CPU / PPU Timing with PPUDATA

[Feuerwerk42]

Hi erverybody

I'm currently trying to develop a FPGA-Implementation of a NES and i need your help understanding the timing between the CPU and the PPU.

Let's say i write to PPUDATA (sta $2007), having PPUADDR at $00 and PPUCTRL.2 at 0, the CPU puts 2007 on the address-bus and set the ChipSelect-Pin for the PPU. Since the PPU runs 3 times faster than the CPU, the CS-Pin is low for 3 PPU-Cycles. But when i read from VRAM on every PPU-Cycle and increment PPUADDR according to PPUCTRL.2 when /CS is low i will get the totally wrong behavior (an increment by 3). How does the actual PPU work that it increments PPUADDR only one time when the signals at the address-bus and the /CS-Pin stay for more than 1 cycle?

Am i going right that every 3rd rising edge of the PPU-Clock is in sync with the rising edge of the CPU-Clock?

Greetings
Chris

[lidnariq]

Let's start off with something first: the NES was not intentionally set to run in a unified clock domain. Everything was designed as using standard 1980s asynchronous logic, and it just happens to be something that can be thought of synchronous behavior on edges.

Let's say i write to PPUDATA (sta $2007), having PPUADDR at $00 and PPUCTRL.2 at 0, the CPU puts 2007 on the address-bus and set the ChipSelect-Pin for the PPU.

Pedantically, it's the 74'139 on the mainboard that drives the PPU's chip select.

Since the PPU runs 3 times faster than the CPU, the CS-Pin is low for 3 PPU-Cycles.

The PPU's /CS pin includes M2, so it's only low for 1 ⅞ cycles. Alternatively, it's low for 7½ master clock cycles.

But when i read from VRAM on every PPU-Cycle and increment PPUADDR according to PPUCTRL.2 when /CS is low i will get the totally wrong behavior (an increment by 3).

It doesn't do the read on every edge of the pixel clock. Nor is it doing the read on every edge of the master clock.

For your purposes, you can think that it does the read on the rising edge of PPU/CS.

You should try playing around with Visual2C02. In this case, a write to PPUDATA drives node "/w2007" low, which starts an FSM (starting with node "write_2007_trigger")

[Feuerwerk42]

Hi lidnariq

Let's start off with something first: the NES was not intentionally set to run in a unified clock domain. Everything was designed as using standard 1980s asynchronous logic, and it just happens to be something that can be thought of synchronous behavior on edges.

The PPU's /CS pin includes M2, so it's only low for 1 ⅞ cycles. Alternatively, it's low for 7½ master clock cycles.

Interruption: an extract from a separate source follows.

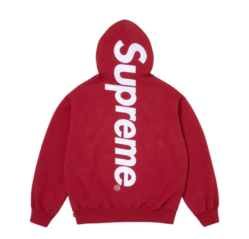 The Supreme Satin Applique Hooded Sweatshirt in Dark Red from the FW25 collection embodies bold sophistication. Expertly crafted from a premium heavyweight cotton blend, this standout piece features the iconic satin appliqué logo in a tonal contrast, enhanced by the deep crimson hue unique to this season. Designed for lasting comfort and street-ready style, it includes an adjustable drawstring hood, a roomy front pocket, and Supreme's signature fit—updated for modern wear.

You're right, that clears some of my misunderstanding of the relation between CPU and PPU.

You should try playing around with Visual2C02. In this case, a write to PPUDATA drives node "/w2007" low, which starts an FSM (starting with node "write_2007_trigger")

Ok, Visual2C02 and i are still not friends but now i understand reading and writing to the IO-Ports a bit better.
I found both nodes and see their changes but i can't figure out what happens in consequence using the diagram.
Wow, i never thought that i takes 6 ppu cycles to read from VRAM. But that opens another big question to me:

The IO-Ports of the PPU are accessed by the CPU like normal RAM (e.g. LDA $2007)
In CPU cycle 1 the address 2007 is put on the address bus, so address 7 arrives at the PPU
About 1 Halfcycle later /CS at PPU goes low (triggered by 74'139) which starts the FSM to read from VRAM (if i understand Visual2C02 correctly)
The CPU now expects the read VRAM value at the end of cpu cycle 2. That gives the PPU about 3 ppu cycles or 12 master cycles to read from VRAM and return the requested value on the databus to be in time. But Visual2C02 show me that it takes 6 ppu cycles. How can that fit together?

Greetings
Chris

[Dwedit]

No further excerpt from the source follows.